Today I had a most spectacular New Moon Meditation – if that is what it can be called.
I felt my body on fire – I felt my energy expand beyond belief- I felt a flow of such joyous and vibrant energy it was hard to contain it – in fact I moved, and danced a little, as is my way – I felt light and dark, colour and formless, embodied in a most beautiful grace that is almost beyond words – and I felt I had come home to myself.
And I was told this phrase to share:
The Body is a Portal to the Soul
What does this mean for us? Can we truly touch into our bodies as temples and a guide to our whole sense of mystery, knowing and wholeness? Can our bodies reveal the knowledge and wisdom of our ancestors, and help us find soul in life?
I know how significant this phrase is, for me and many others…….
I have discovered that many of the techniques I was taught over the years for growth, healing, enlightenment etc are simply no longer working for me.
Take meditation for example – I am meant to sit and clear my mind, so that I can reach the light, be mindful, in the present and empty. I am not meant to move, I am not meant to feel my body at all, and I am meant to clear everything of the clutter of my being out. But is this actually what I need? I need the silence, and I need the formlessness, but do I need this structure and this process? No!

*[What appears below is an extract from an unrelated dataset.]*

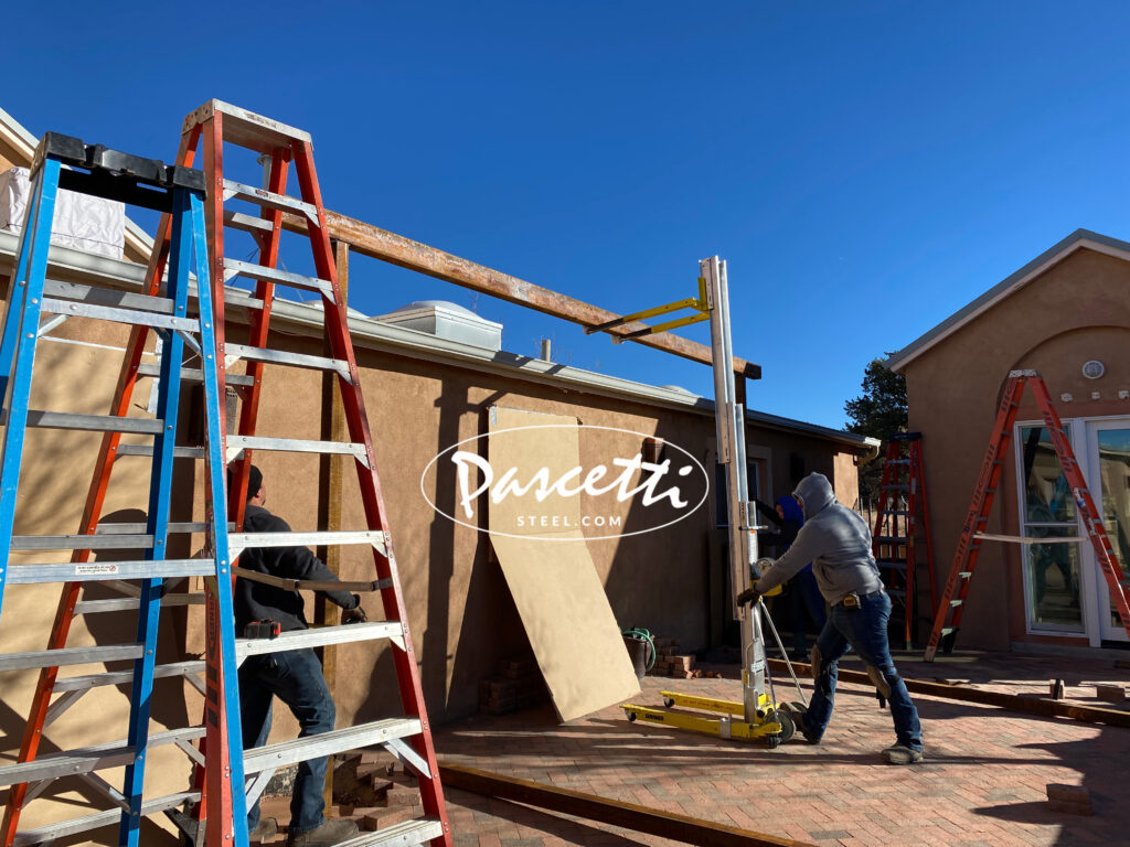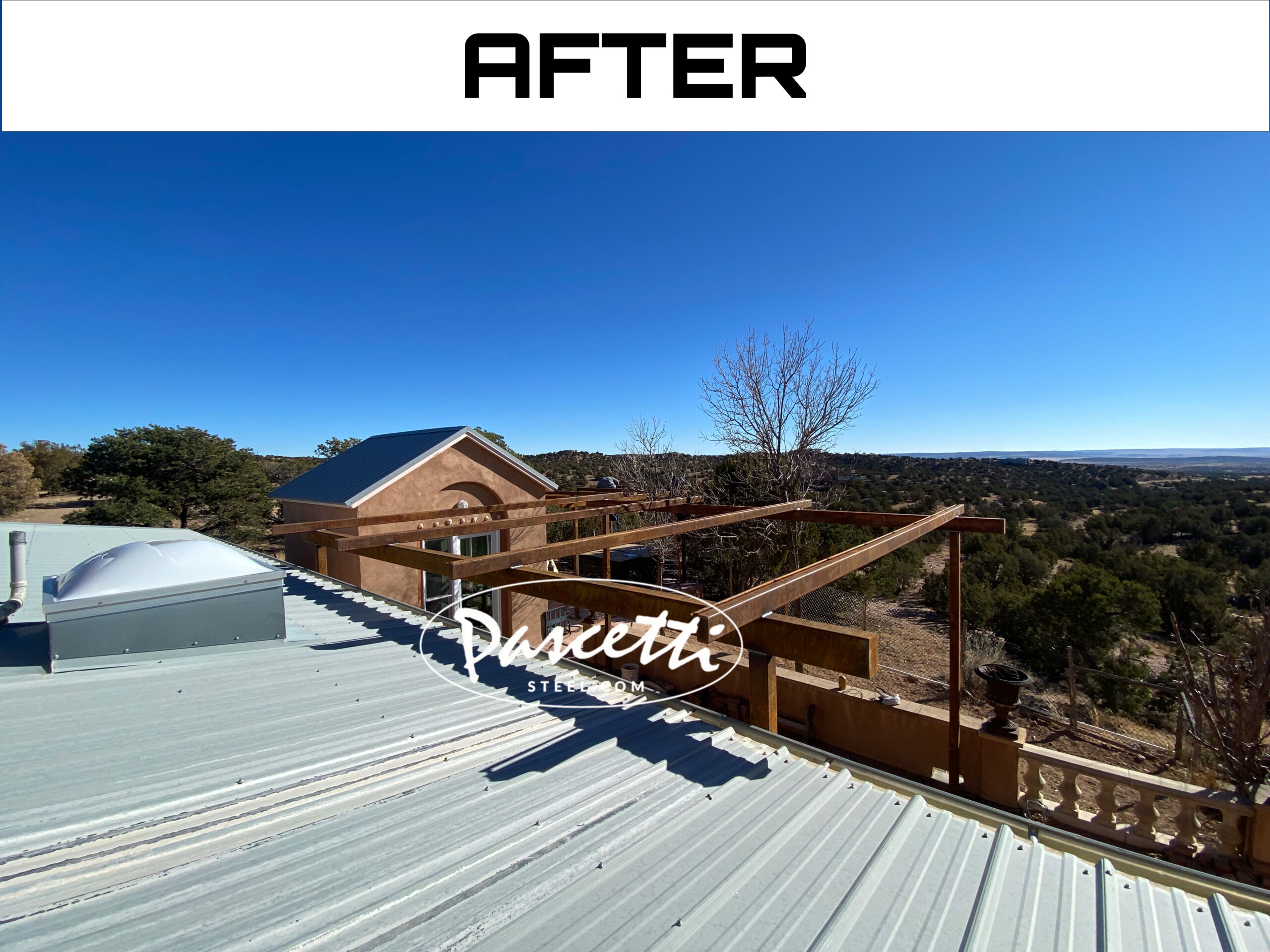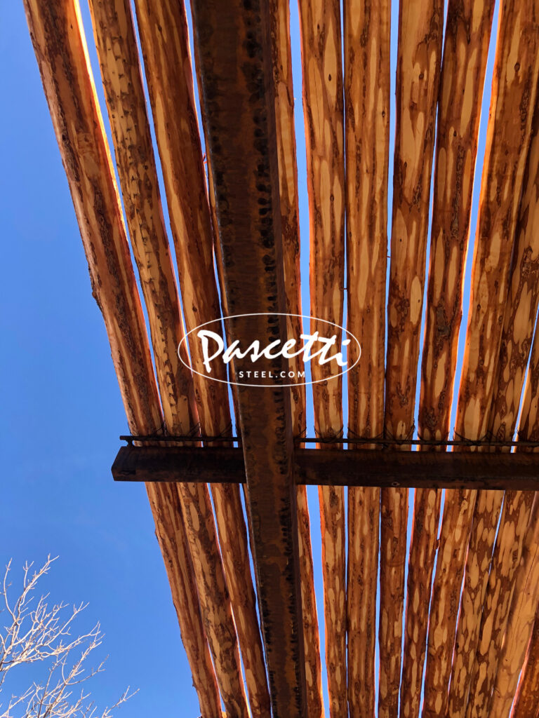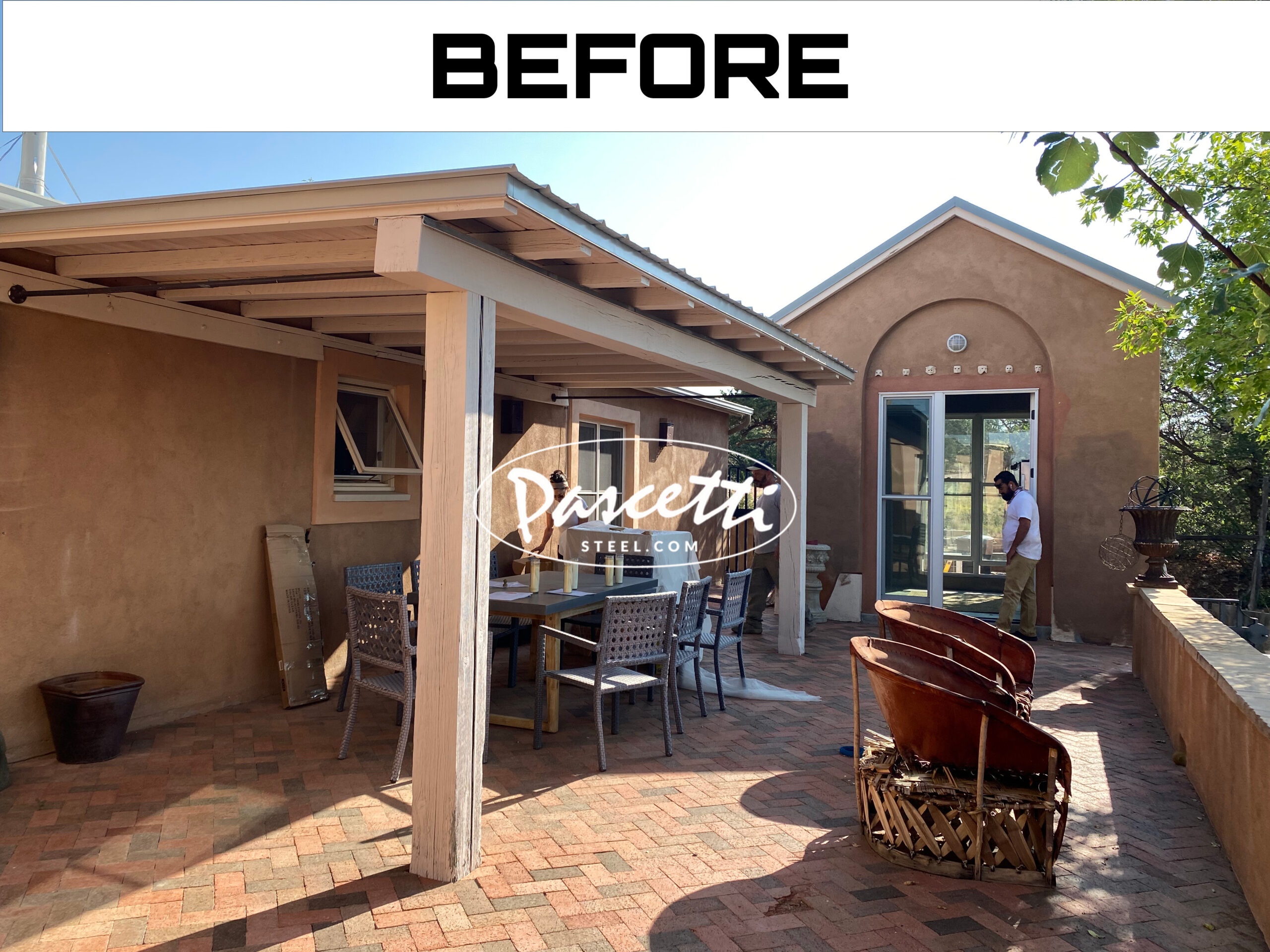 This beautiful new latilla shade structure replaced a standard wood frame with a new steel tube structure with natural latilla shade slats. This home location required a strong steel frame to withstand the high winds, the natural rusted finish resists the elements with no maintenance and gives and beautiful rust patina over time. Additional custom steel brackets were welded into the frame to accept the wood latillas.

I no longer practice zazen, a form of Zen Buddhist meditation I was taught all those years ago. Nor any other form of practice such as the mantra practice, though mantras are beautiful. I no longer deny my body in this mystery of cleansing and clearing. NO, I breathe into my body and allow my inner self to take me wherever I need to go. This may include moving, breathing, thinking words, feeling emotions, seeing visions, it may even be the clear light of the soul within. It is whatever my body shows me it needs. This is my soul talking.
Take shamanic practice, something else I was ‘taught’ almost thirty years ago and still love deeply – I was shown how to drum, using the pace of the heart beat, to rattle with abandon, to use a singing bowl, or use other accessories. Anything that allowed my body to reach a trance like state was acceptable, as this was seen as the way to reach and ‘journey’ into non-ordinary reality in order to affect healing. Powerful techniques yes, and occasionally they still work! – but I simply do not need them as a structure – my body is the portal into this non-ordinary reality. If I wish to go there, she shows me where to go, who to meet, which energies to connect with, how to touch the deep divinity within the layers of my flesh. I may be called to use these techniques if my body wants this, but only then. This is the knowledge I have been hiding most of my adult life – that my body knows best.
Take channelling – I was taught to travel into an inner landscape, in visualisation, in silence and sitting, upto a mountain where I would find a sacred space to meet a teacher or guide. This being would give me the guidance I could then share with the world, wise words given for specific requests or for healing aims – But I do none of these things – I simply close my eyes, clear my body, allow myself to listen intently for a calling, for anything in my inner senses that resonate, and the words simply float into my being. If I am with another, offering healing or similar, the words, thoughts, feelings, sensations and images are always relevant for them. If I am alone, they are relevant to me. I never call this channelling now as it is my inner body talking to me. My body knows. I may have guides or I may not, but they come just however they want, and it is often my inner wisdom talking! My body….
There are many other examples of how my beautiful body, whose wisdom was neglected for much of my life, is the true teacher of my growth. Even when i undertook yoga, doing asanas, breathing practices and lying out to feel the breath, I could feel that my true self wanted to follow a different flow – to move, to shake, to feel, to speak, and even yes to make love. My sexual energy was awakened at times in this exploration, the deepest and most beautiful form of energy which is of course the source of life. I could not easily follow a system which appeared to rigidly make shapes, exercises and breathing styles alien to my body. But I was ashamed to admit this to my teachers and others, who all seemed to gain such deep satisfaction from these practices. So I attempted to deny my body her wisdom again, and again, and again.
Now I am listening. This meditation, if that is what it is called, is telling me the time is now, that to listen to my body is my way. Never again will I follow a system which is not aligned to my body. And I am not alone.
I am not alone. There is a movement of women all over the world beginning to wake up to this new system of growth and evolution which involves listening deeply to our bodies. And of course men too are listening, though I do feel these new forms bring in the feminine way finally. There are new yoga practices, new dance styles, new spiritual movement and sound healings, emerging daily. New feminine styles of spiritual and evolutionary growth are becoming ready to awaken our bodies. Now, every time I hear of a new technique I will ask my body ‘ Does it recognise my inner wisdom, my body knowledge?’ and listen closely to the answer.
So my meditation, this evening, has finally given me the validation of my own being, rather than seek it outside myself and outside of my own body. I am body, soul, psyche in one, and all my practices are now aligned to learning my own deep wisdoms. It is time.
Our bodies are the portal to our souls. Try it tonight!